Asynch Design C#

2022-12-15 17:55 问答作者：

I am writing a crawler in C# that starts with a set of known url's in a file. I want pull the pages down asynch. My question is what is the best pattern for this, i.e. Read file into List/Array of urls, Create an array to store completed urls? Should I create a 2 dimensional arr开发者_如何学JAVAay to track status of threads and completion? Also some other considerations are retries (if the first request is slow or dead) or auto restarts (app/system crash).

foreach (var url in File.ReadAllLines("urls.txt"))
{
    var client = new WebClient();
    client.DownloadStringCompleted += (sender, e) => 
    {
        if (e.Error == null)
        {
            // e.Result will contain the downloaded HTML
        }
        else
        {
            // some error occurred: analyze e.Error property
        }
    };
    client.DownloadStringAsync(new Uri(url));
}

I recommend that you pull from a Queue and fetch each URL in a separate thread, peeling off from the Queue until you max out of the number of simultaenous threads that you want to allow. Each thread invokes a callback method that reports whether it finished successfully or encountered a problem.

As you start each thread, put its ManagedThreadId into a Dictionary, with the key being the id and the value being the thread status. The callback method should return its id and completion status. Delete each thread from the Dictionary as it completes and launch the next waiting thread. If it didn't finish successfully, then add it back to the queue.

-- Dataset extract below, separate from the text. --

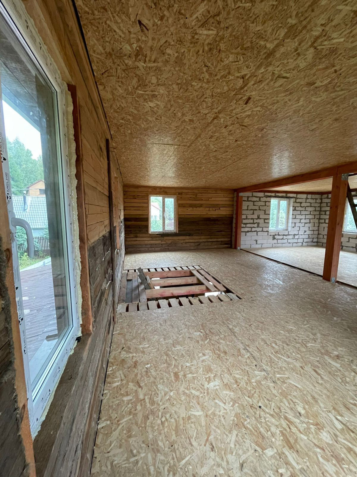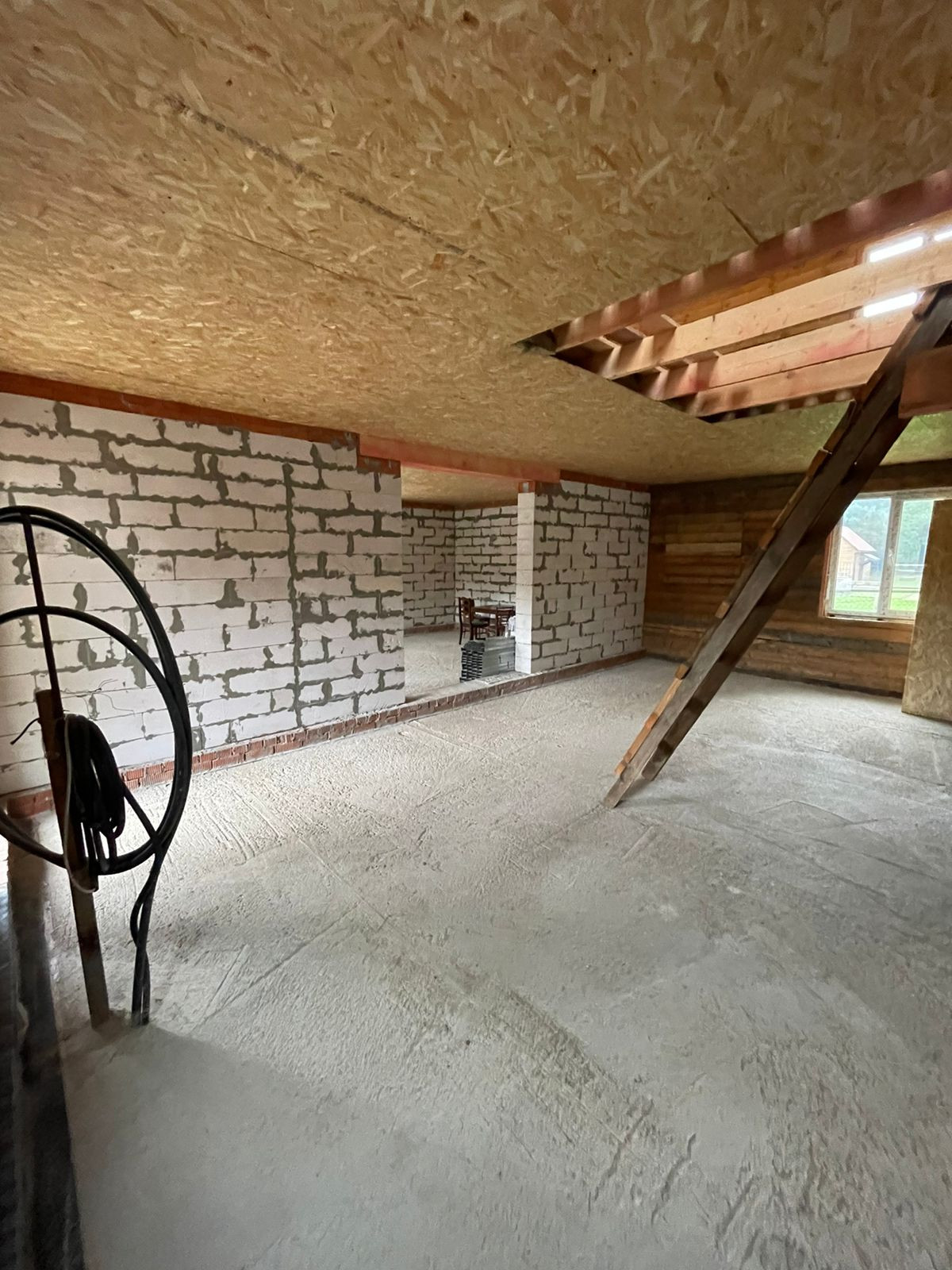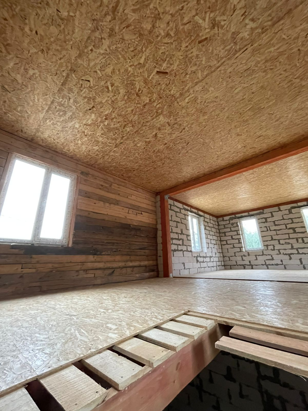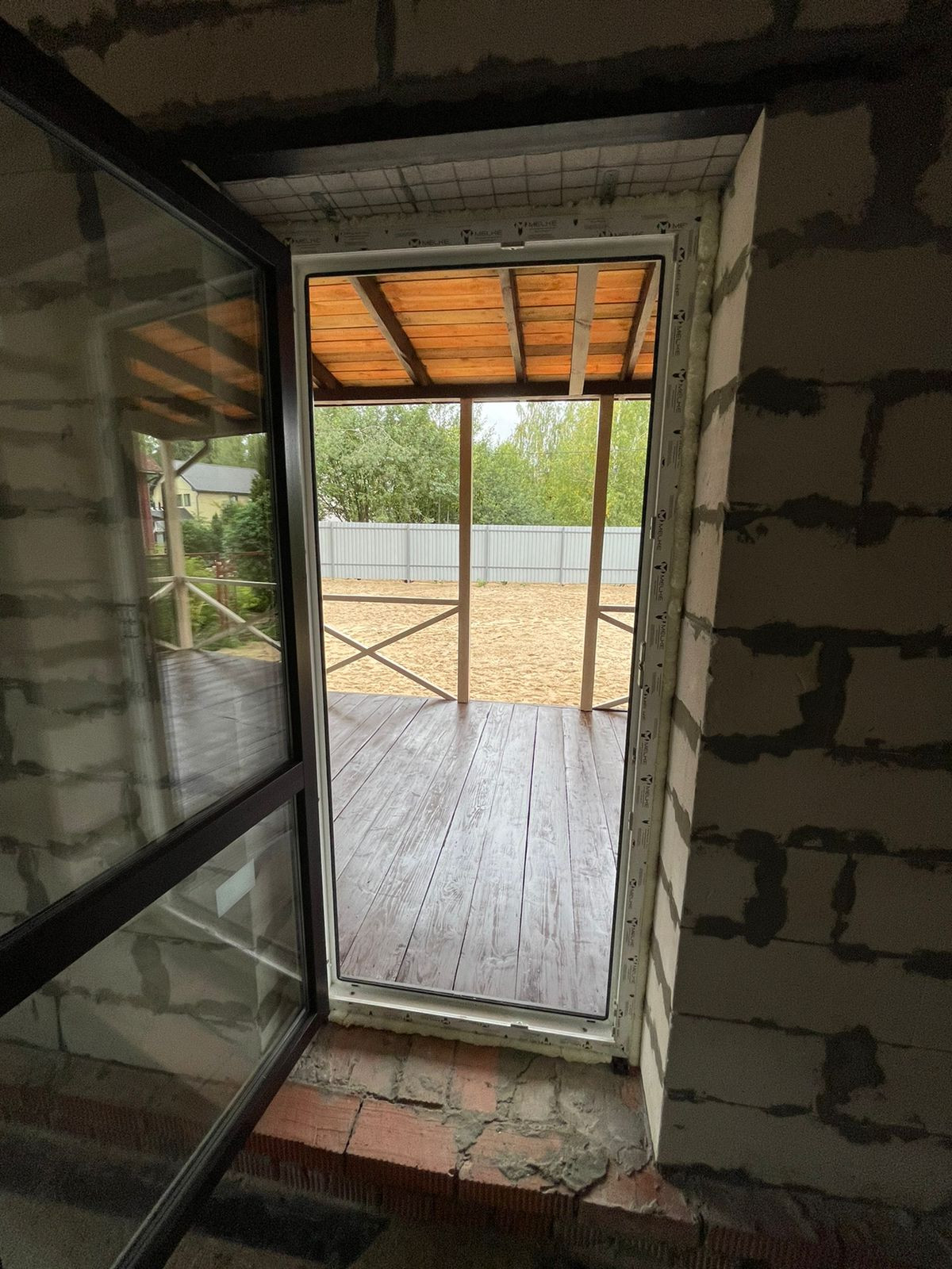 Установлен забор по периметру, скважина 35 метров( труба заведена в дом), канализационная труба выведена из дома,предчистовые потолки и полы сделаны и утеплены.

The Dictionary's Count property tells you how many threads are in flight and the callback can also be used to update your UI or check for a pause or halt signal. If you need to persist your results in case of a system crash, then you should consider using database tables in lieu of memory-resident collections, such a manitra describes.

This approach has worked very well for me for lots of simultaneous threads.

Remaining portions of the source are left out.